In formulating both state-level and national DNC plans, Mutual of Omaha was able to avoid internal operational costs mainly because the company outsources its telemarketing efforts.
"Our third-party partner directly incurred these expenses to comply with DNC, and then passed some of those costs on to us through a rate increase," says Glantz, who could not specify the costs. The provider's outsourcing partner, whom Glantz would not identify, has about 100 sales agents that market Mutual of Omaha products.
Specifically, Mutual of Omaha's telemarketing provider over the years has formulated "suppression lists," which consist of phone numbers registered for state-sponsored DNC programs.
Glantz says the provider now has to merge existing state suppression lists with the new federal registry.
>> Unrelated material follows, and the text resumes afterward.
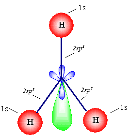 د- يحدث الترابط بين فلك I1s لكل ذرة من ذرات الهيدروجين الثلاث وثلاثة من أفلاك sp3 في ذرة النيتروجين , أما الفلك الرابع فلا يشترك في الربط ( لماذا ؟ ).

Glantz says the company has been working on this effort since April, and the project took about 30-45 days to complete.
While Mutual of Omaha is not expecting to feel the pinch of DNC via internal projects, it will feel a pinch with selling opportunities. Glantz says the company will have to get creative to meet its new-business acquisition goals.
"About 10% to 15% of our business is conducted via telemarketing," Glantz says. "Next year, it was projected to increase to as high as 25%. We will lose premium volume. However, we have identified other means to sell these products and will redirect to these other channels." Mutual of Omaha's Web site has been identified as one way to fill the gap, while direct mail is another.
In the meantime, some large insurers are unaffected by the new law, simply because they do not have an outbound telemarketing program.
For example, Mayfield Village, Ohio-based Progressive Insurance Co. is proceeding business as usual. "We make no outbound calls at all," says Leslie Kolleta, a spokeswoman for Progressive. The company relies on its Web site, direct mail, TV, print ads and word of mouth to sell new policies.